I need help i do not know how to do this problem at all.
A 30.00 mL sample of 0.1500 M hydroazoic acid (HN3; Ka = 1.9 x 10-5) is titrated with 0.1000 M KOH. Calculate the pH after the following volumes have been added:
You didn't give any volumes.
First, determine the volume for the equivalence point.
HN3 + KOH ==> KN3 + H2O
mL HN3 x M HN3/mL KOH = mL KOH needed to reach the equivalence point. Then divide the titration into segments as follows: a at the beginning, c at the equivalence point, b all points between a and c, then d is everything past the eq pt.
a. at the beginning you have pure HN3. Treat this as any weak acid.
.........HN3 ==> H^+ + N3^-
I.......0.15.....0......0
C........-x......x......x
E......0.15-x....x......x
Then substitute the E line into Ka expression and solve for x = (H^+), then convert to pH.
b.

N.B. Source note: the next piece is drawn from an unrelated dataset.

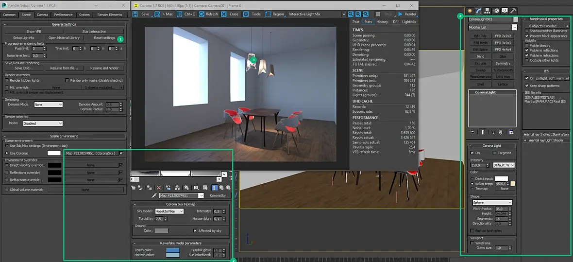 2. Настроил освещение, через стандартный корона скай, аналогично можно вставить HDR карту или темноту.

For all KOH volumes BEFORE the eq. pt. use the Henderson-Hasselbalch equation.
c. For the eq. pt the pH is determined by the hydrolysis of the salt KN3.You will need to determine the concn of the salt which I will call C.

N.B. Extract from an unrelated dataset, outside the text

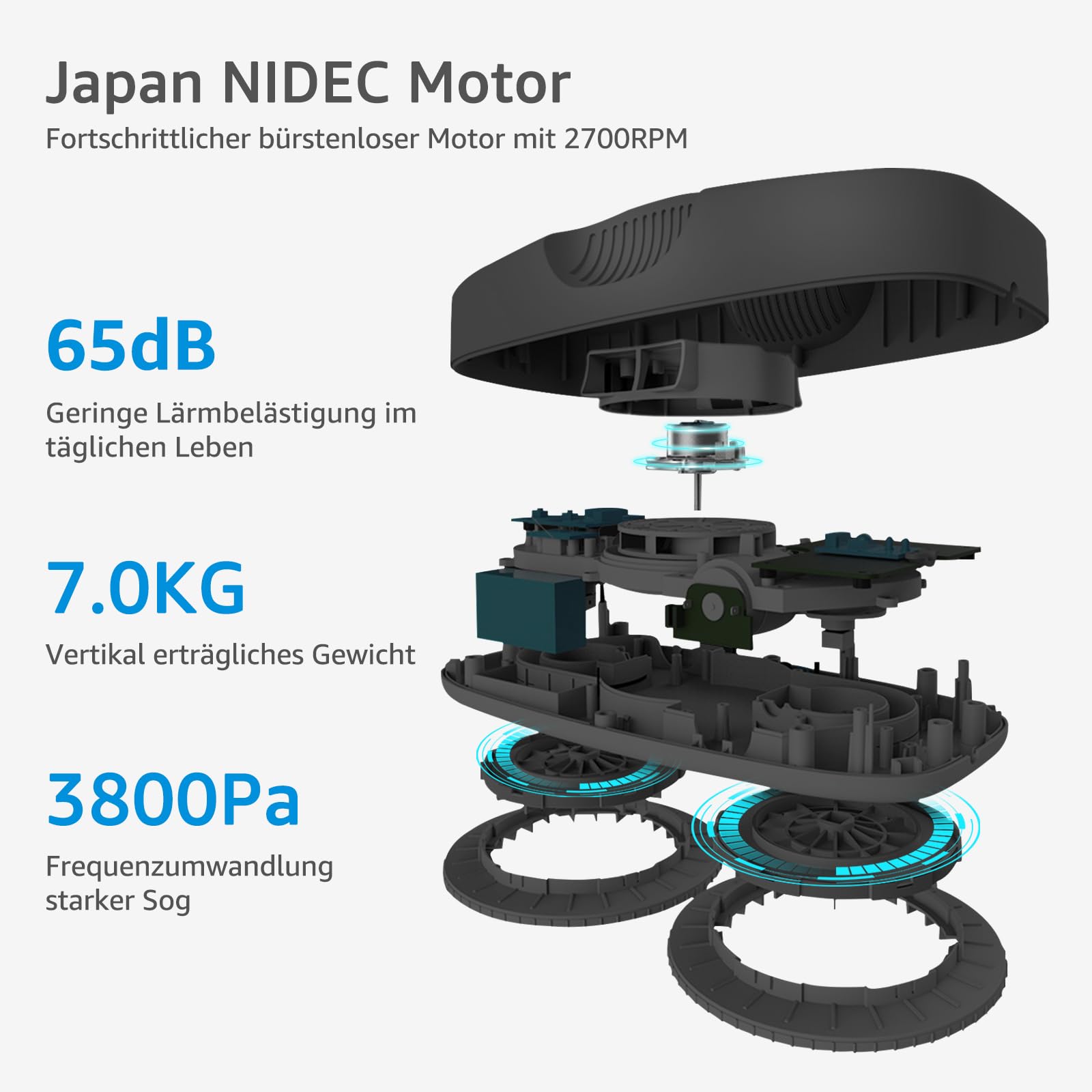 • 【Intelligente 3800Pa Saugkraft】 : Der Fensterputzroboter erkennt automatisch den Verschmutzungsgrad und passt die Saugleistung dementsprechend an. Beim Putzen des sauberen Glases erhöht sich die Saugkraft für eine bessere Reinigungswirkung. Für Glas, Fliesen, Holztür und andere glatte Oberfläche geeignet.

........N3^- + HOH ==> HN3 + OH^-
I.......C...............0....
C......-x...............x......x
E......C-x..............x......x
Kb for N3^- = (Kw/Ka for HN3) = (x)(x)/(C-x) and solve for x = (OH^-), then convert to H^+ and pH.
d. For all points past the eq pt pH is determined by the excess KOH added to the system.
Post your work if you get stuck and show the volumes. Explain fully what you don't understand.